The summary formats tested across the five included RCTs (described across four papers) are described in detail in Table 3. Four RCTs compared alternative versions of SoF tables against a format in current practice and/or a standard systematic review [50, 60, 61] One study compared an infographic to a plain language summary (PLS) and scientific abstract (SA) [59]. Studies were largely multidisciplinary, and results were not presented by stakeholder group. An exception to this was the study by Buljan et al. (2018) which conducted separate trials with patient representatives (‘consumers’) and doctors. There were no differences between the groups in knowledge scores for both the plain-language summary (PLS) and infographic formats. However, patient representatives reported lower satisfaction (user-friendliness) and reading experience with both formats when compared to doctors. As the quantitative studies used a variety of scales and summary formats, we could only summarise results narratively.
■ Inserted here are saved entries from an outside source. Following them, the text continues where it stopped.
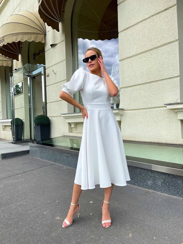 Потрясающее, очаровательное и очень красивое платье в длине миди, с пышным рукавчиком и кокеточным вырезом по спинке😍Это платье идеально во всем💫 Размер: S - M Цвета: беж, пудра, молочный, голубой, красный. Возможна индивидуальная пошивка в больших размерах, по Вашим параметрам, срок 2-4 рабочих дня, цена +100 грн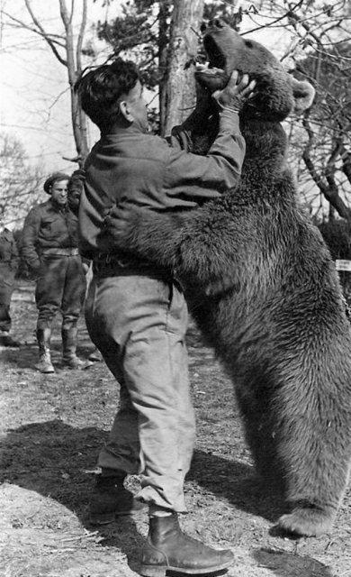 A învăţat să se lupte cu prietenii săi umani şi îşi doza întotdeauna forţa când se lupta în joacă cu oamenii. Spre amuzamentul tuturor, a învăţat rapid să salute cu o labă, ori de câte ori întâlnea câte un soldat sau ofiţer care-i vorbea sau îl mângâia.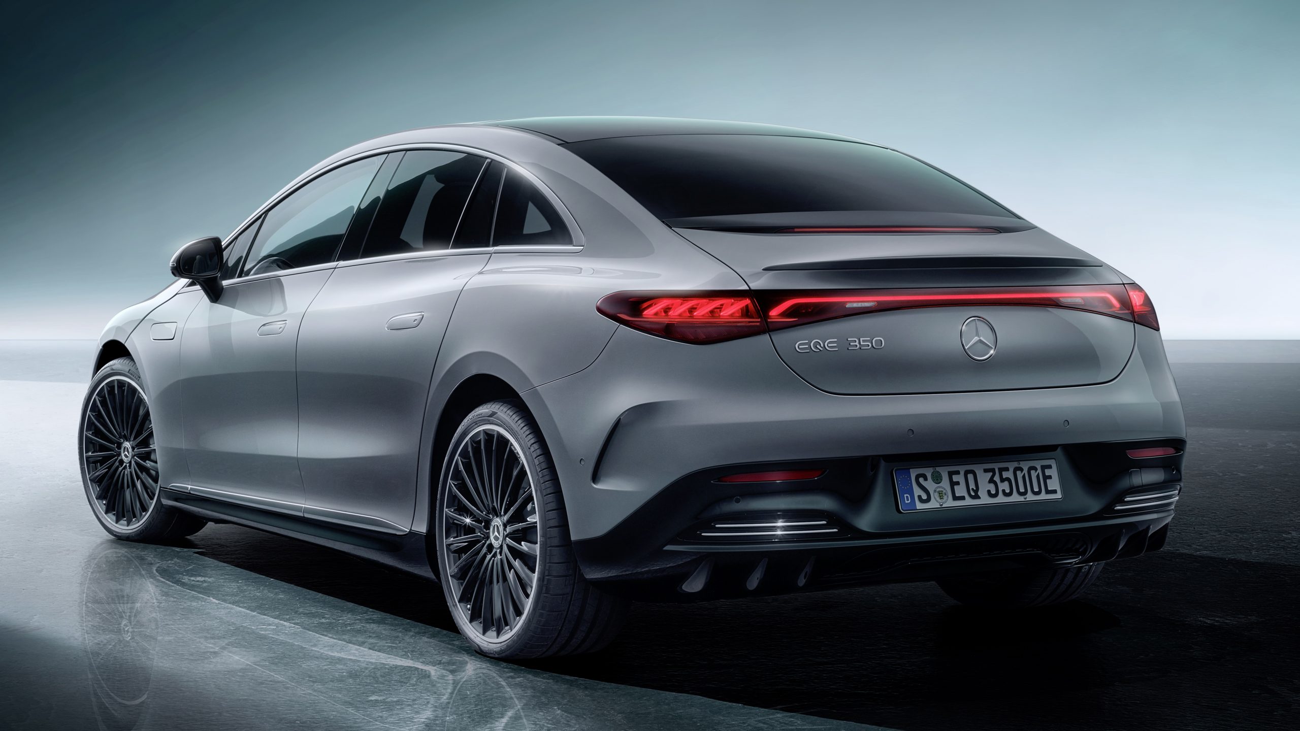 The rear forms a dynamic accent with a sharp-looking spoiler. Flush with the outer edge of the body, the 19- to 21-inch wheels, together with a muscular shoulder section, give the EQE an athletic character.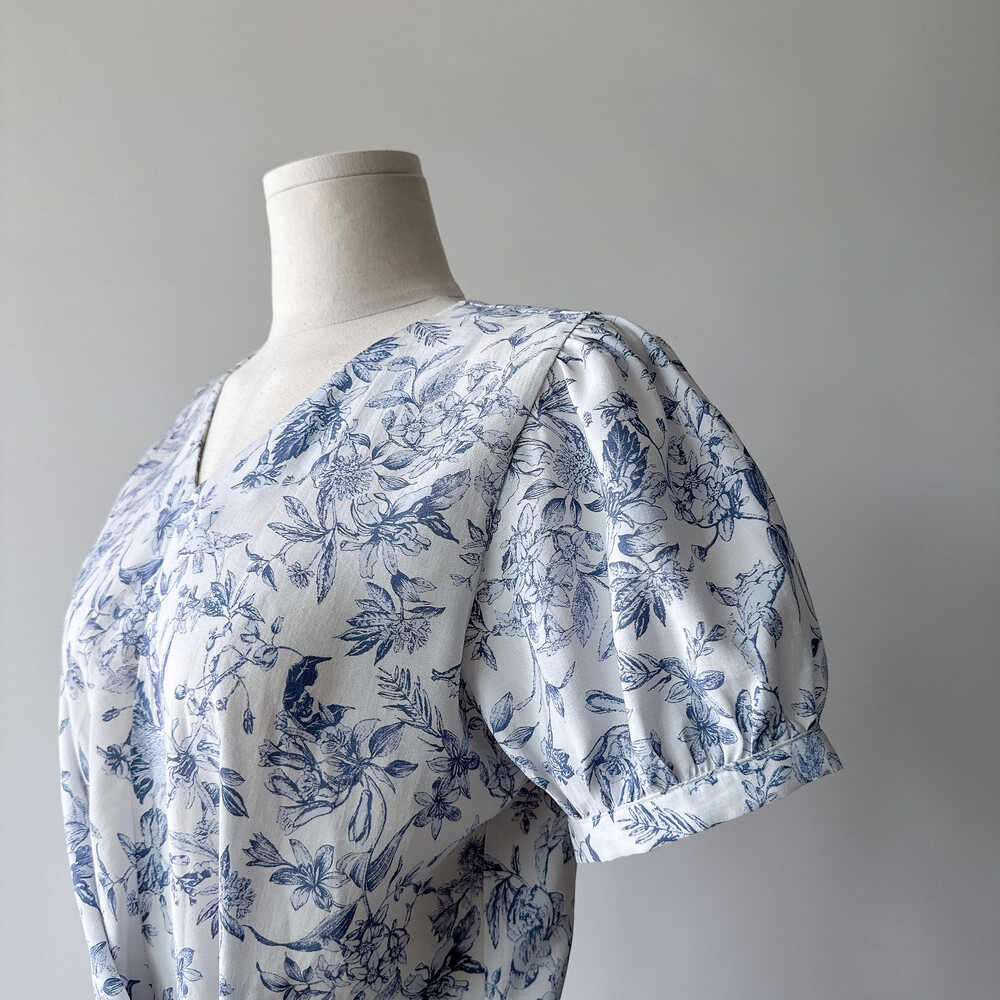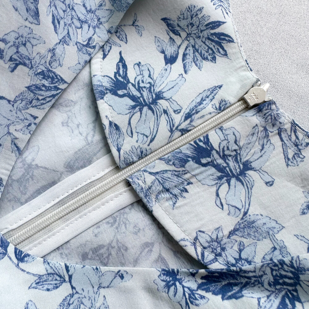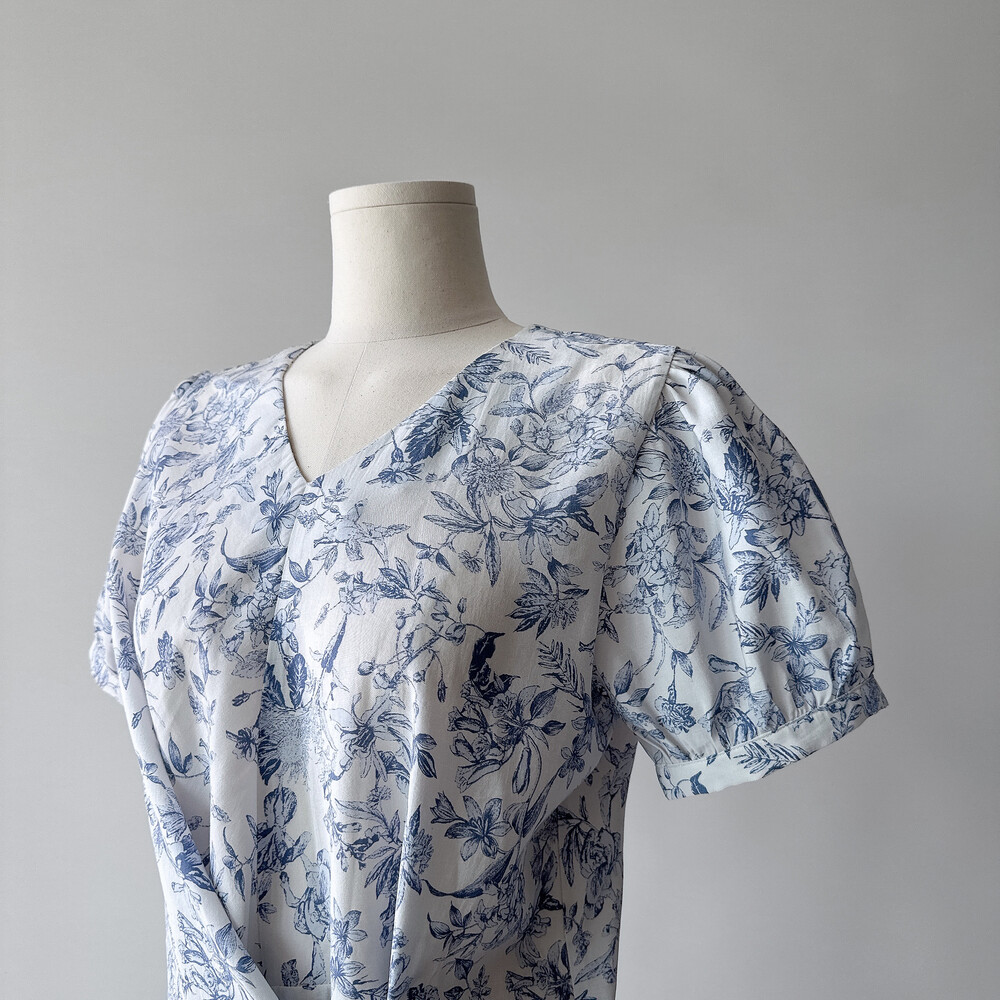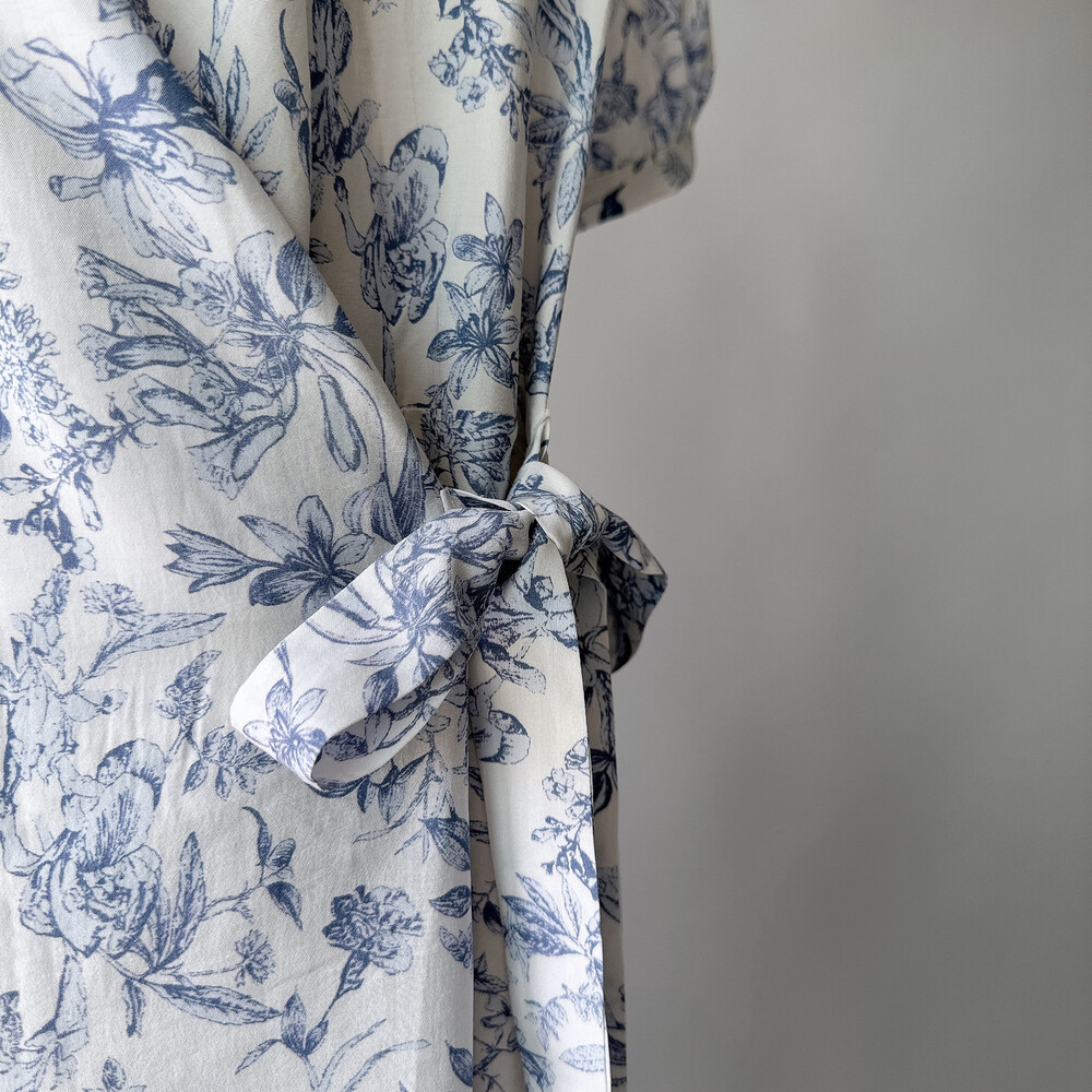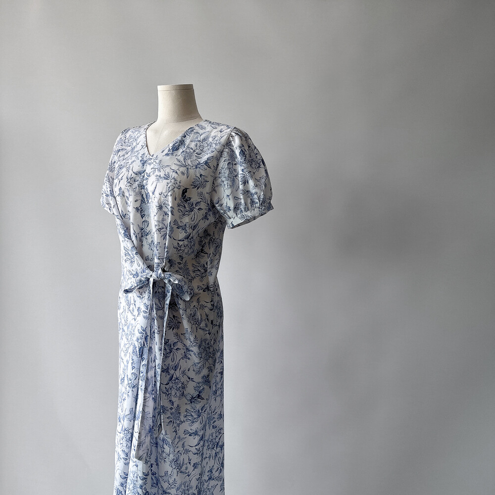 뉴욕빈티지 무드의 블루 플라워 패턴을 프린팅을 해서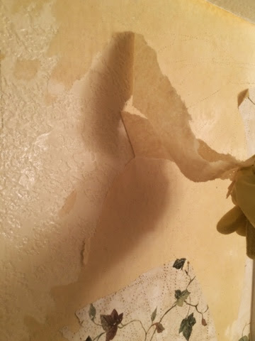 So, the forth step is to grab a putty knife or an abrasive sponge that won't damage the walls (if you want to save your nails) and start scraping and peeling!! Brad helped me with this step:)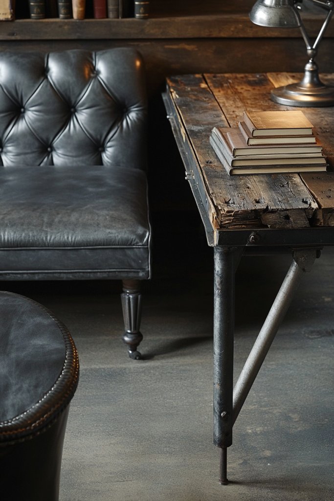 Choose a sturdy metal-frame or leather sofa that complements your space’s scale. Pair it with a reclaimed wood desk that offers ample workspace and storage. Install industrial lighting fixtures—think pendant or wall-mounted sconces—to highlight the work area. Use metal or wire shelving for organization, keeping clutter out of sight. Add textured, durable textiles for cushions and throws to humanize the raw materials.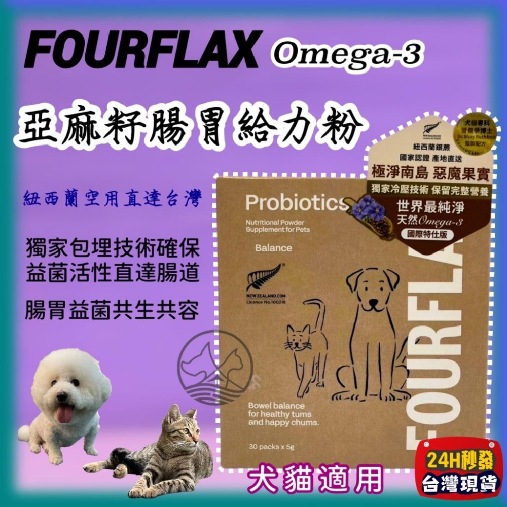✪小福袋✪FOURFLAX 紐西蘭 Omega-3➤ 亞麻籽腸胃給力粉 隨行包(益生菌) 30包/盒➤ 犬 狗 貓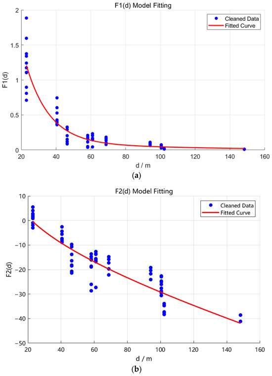In order to verify the validity of the established feature–distance model, based on the 38 sets of ground electrode current field response samples collected in the experiment, the nonlinear fitting modeling of the main peak amplitude characteristic model () and the power characteristic model () at the main peak frequency is carried out, and the scatter plot and fitting curve are drawn, as shown in Figure 11. It can be observed that there is a certain monotonic attenuation relationship between the two types of features and the distance, and there is a good fitting trend in most of the distance intervals.
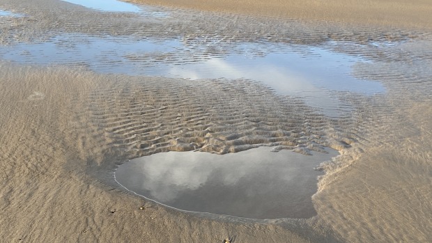 Mother nature's ever nurturing presence captured on camera in that very moment , when taking sometime to notice it ! Nature seems to be "sending out a depth of nurturing" from that 'heart of nature' itself , and for no reason at all ..... simply because .... it can !! The clouds are reflecting in the ocean water as the tide goes out ..... Enjoy.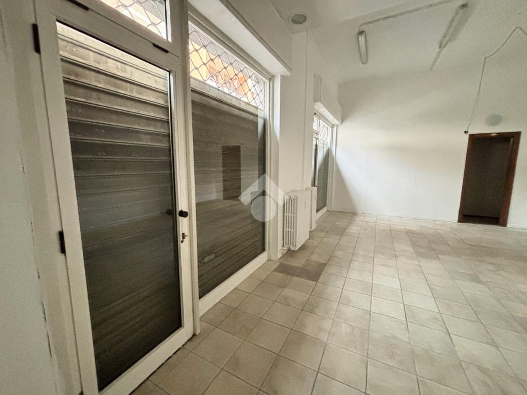 Proponiamo in locazione un negozio con superficie di 85 metri quadrati, situato al piano terra di una struttura condominiale di cinque livelli.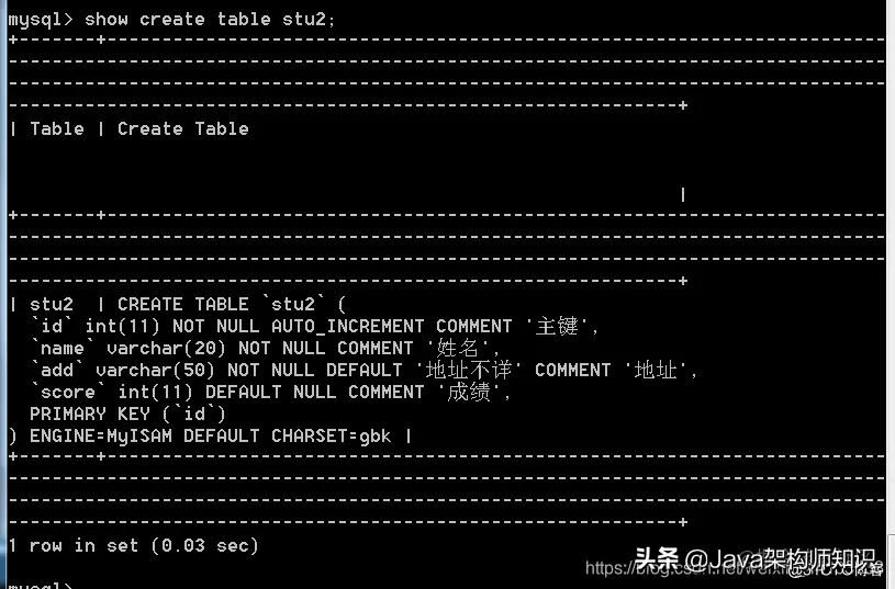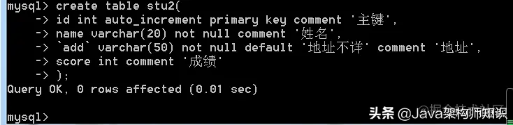 语法: create table if not exists 表名 ( 字段名 数据类型(null | not null,default | auto_increment,primary key,comment,varchar,), 字段名 数据类型 … ) engine=存储引擎 charset=字符编码
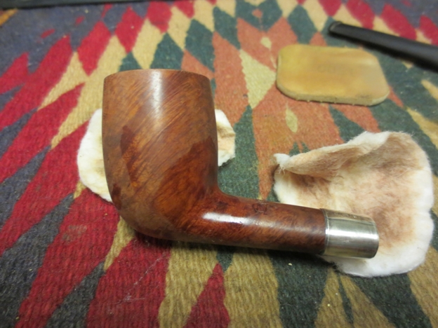 While I was hand buffing the bowl I noticed that the silver band was loose on the shank and rotated freely. I removed the band and put some all-purpose glue on the shank and pressed the band into place. I turned it to align the stamping on the band with the stamping on the shank. It set quite quickly and I polished the silver band with a jeweler’s cloth.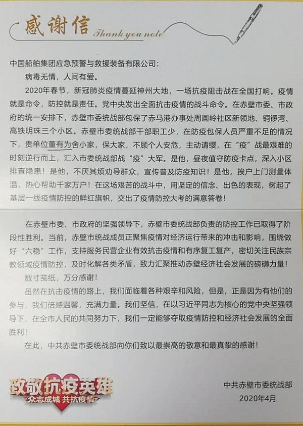 ????中共赤壁市委統(tǒng)戰(zhàn)部特向中國船舶集團(tuán)旗下中國應(yīng)急發(fā)來感謝信,對(duì)中國應(yīng)急員工董有為舍小家保大家,不顧個(gè)人安危,主動(dòng)請(qǐng)纓,在戰(zhàn)“疫”最艱難的時(shí)刻逆行而上表示感謝和致敬。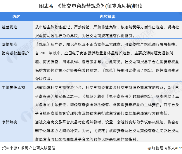 2018年7月,《社交电商经营规范》(征求意见稿)发布,这是商务部唯一批准的社交电商行为规范。《规范》是我国社交电商立法的一次重要举措,意味着我国社交电商将进入法治化、规范化的发展轨道,也意味着我国电子商务立法的又一次新突破。《规范》主要包含社交电商经营规范、宣传规范、消费者权益保护、主体责任承担、争议解决五个方面的内容。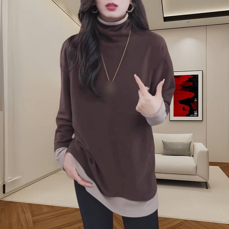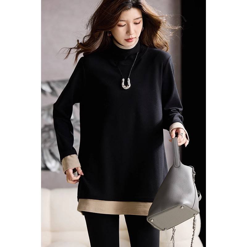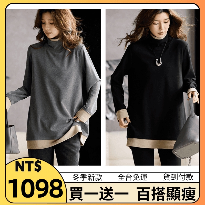 【買一送一】姐妹們!這款假兩件半高領打底衫絕了!雙面澳絨巨保暖,堆堆領軟而不塌,搭羽絨服、大衣都超有造型感!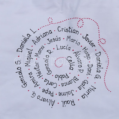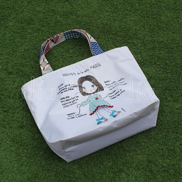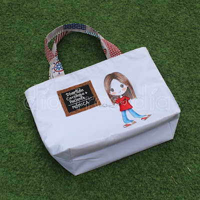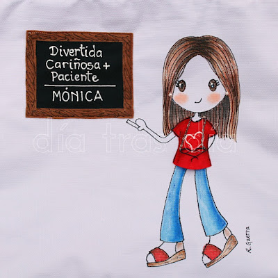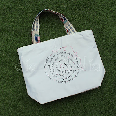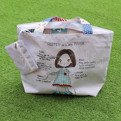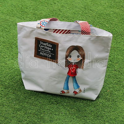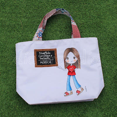 La segunda bolsa fue para la seño María. Para ella ya había realizado yo hace algunos años esta camiseta y esta muñecaamigurumi personalizada. Así que este año ya ha sumado también la bolsa de playa a su lista de regalos personalizados Día tras Día, jeje.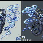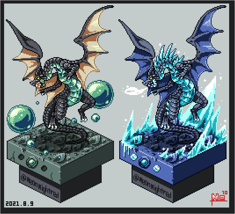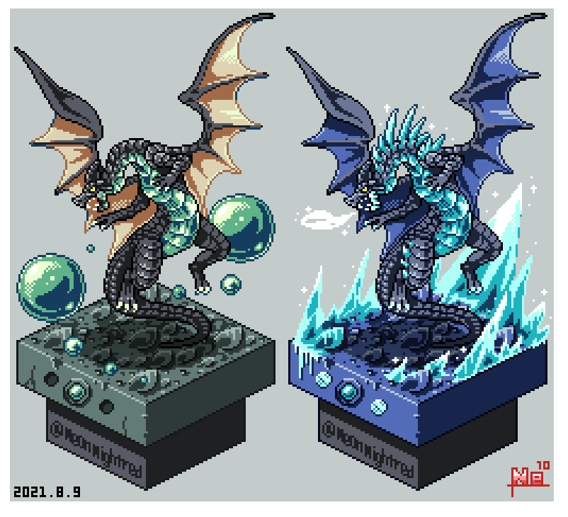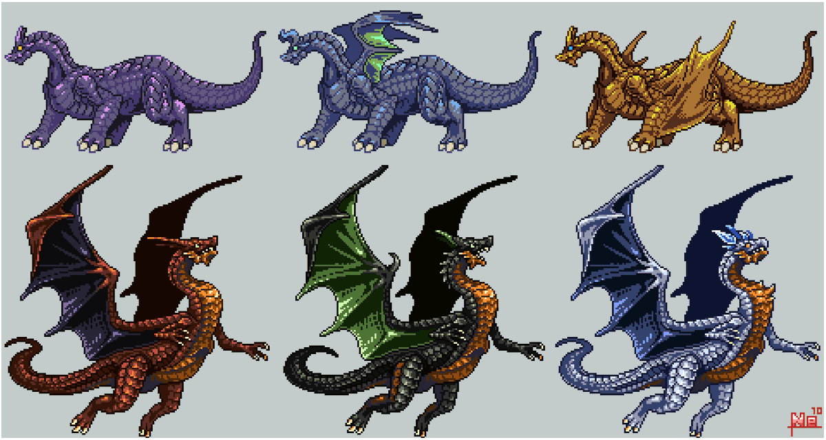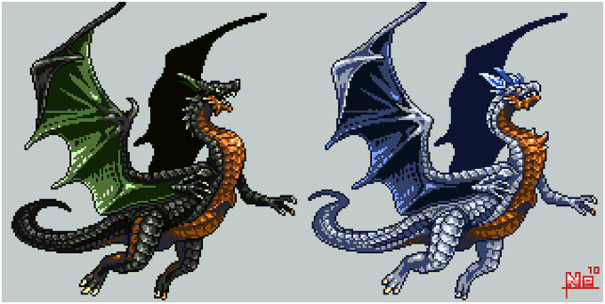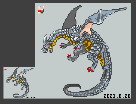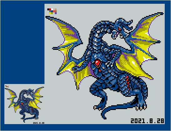 #よその子のカラーパレットでドラゴンドットを打つ #ドット絵 けーぴさん(@keepi0103 )からお借りした色でドラゴンドット打ちましたー! 淡い感じの色を普段使わないので楽しかったです! 胴体の青系部分の影色はズボンのグレーを使ってみました。 ありがとうございました!!

In preparation for the mixed-methods synthesis, we identified 74 individual findings from quantitative studies (Additional file 4) and synthesised these into four main areas which related to review outcomes of Knowledge/Understanding, Satisfaction/Reading Experience, Accessibility/Ease of Use, and Preference (Fig. 1). These individual findings helped identify areas of convergence, inconsistency, or contradiction with the qualitative findings and recommendations described later.

Knowledge or understanding

All five RCTs assessed knowledge or understanding as an outcome (Table 4). No studies employed standardised measures, choosing to use study-specific questions. Two articles, reporting the results of three studies, found that the new format improved knowledge or understanding [60, 61]. Carasco-Labra et al. reported that compared to a standard SoFs table, a new format of SoF table with seven alternative items improved understanding [60]. Of seven items testing understanding, three showed similar results, two showed small differences favouring the new format, and two (understanding risk difference and quality of the evidence associated with a treatment effect) showed large differences favouring the new format [63% (95% CI: 55, 71) and 62% (95% CI: 52, 71) more correct answers, respectively]. In two small RCTs, Rosenbaum et al. found that the inclusion of a SoF table in a review improved understanding and rapid retrieval of key findings compared to reviews with no SoF table [61]. In the second RCT, there were large differences in the proportion that correctly answered questions about risk in the control group (44% vs. 93%, P = 0.003) and risk in the intervention group (11% vs. 87%, P < 0.001). Two studies reported no significant differences between formats in knowledge or understanding [50, 59].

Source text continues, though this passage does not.